A moment of stillness; as if time itself is waiting, can no longer be measured. Then the subtle press of a fingertip, whorled skin against cool metal, starts it beating again and the bullet moves faster than sound.

It smashes the glass case on the wall by the headmaster’s head, which displays medals for gallantry awarded in the last World War to boys barely out of the sixth form. Their medals turn into shrapnel; hitting the headmaster’s soft brown hair, breaking the arm of his glasses, piercing through the bone that protects the part of him that thinks, loves, dreams and fears; as if pieces of metal are travelling through the who of him and the why of him. But he is still able to think because it’s he who has thought of those boys, shrapnel made of gallantry, tearing apart any sense he’d once had of a benevolent order of things.

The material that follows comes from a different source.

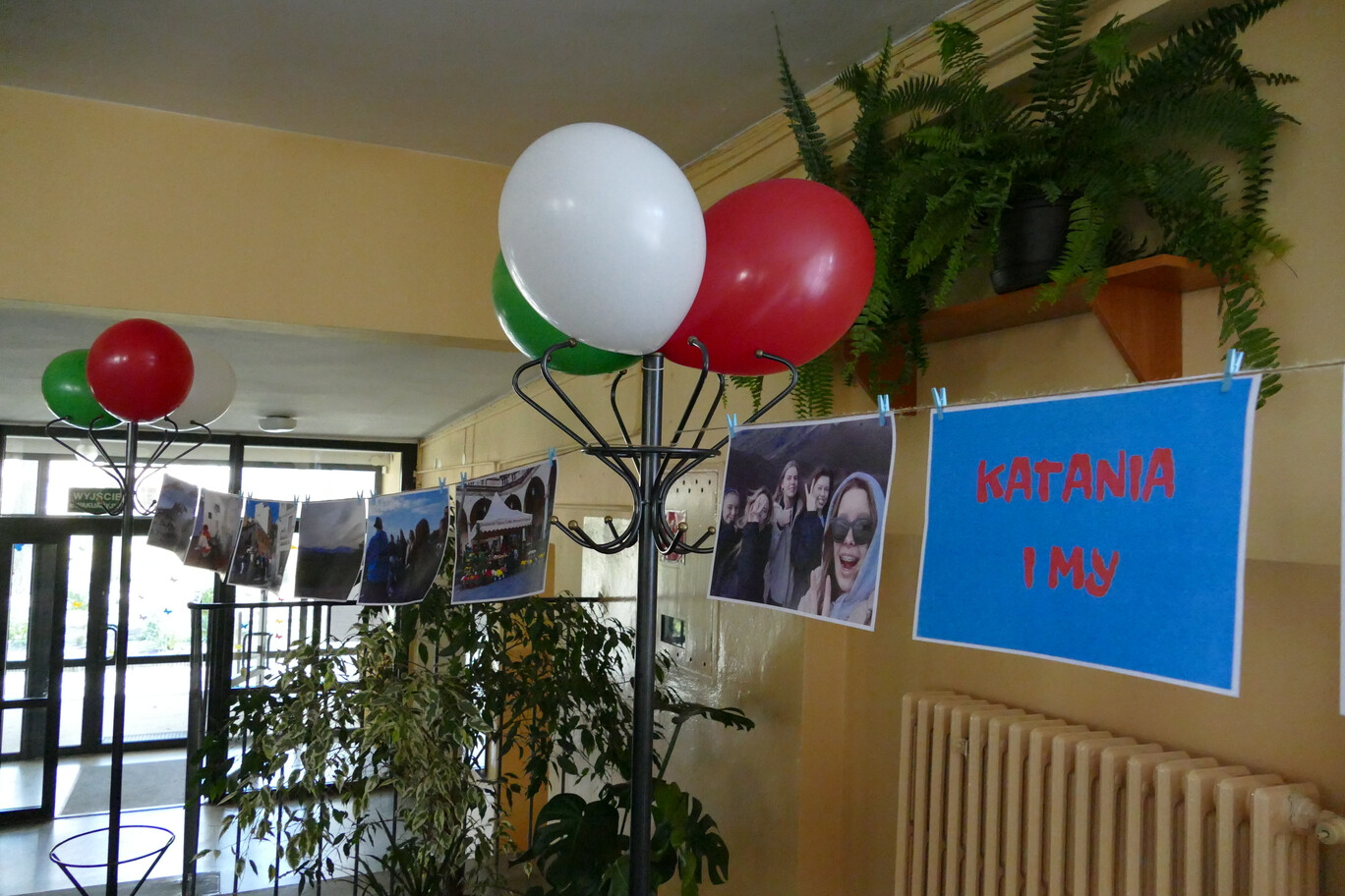 Młodzież przygotowała multimedialną prezentację z pobytu na praktykach a jeden z opiekunów – Pan Henryk Liszkiewicz zaprezentował rys historyczny i turystyczny Katanii. Na zdjęciach i plakatach w holu można było obejrzeć zdjęcia młodzieży z Sycylii. Uczennice i uczestniczki wyjazdu wykonały kilka utworów w języku włoskim, a na koniec spotkania była włoska, kulinarna niespodzianka – poczęstunek w formie pizzy.

He’s falling backwards. Another shot; the corridor a reverberating sound tunnel. Hands are grabbing him and dragging him into the library.

Hannah and David are moving him away from the closed library door and putting him into the recovery position. His sixth-formers have all learnt first aid, compulsory in Year 12, but how did they learn to be courageous? Perhaps it was there all this time and he didn’t notice it; medals again, walked past a hundred times, a thousand.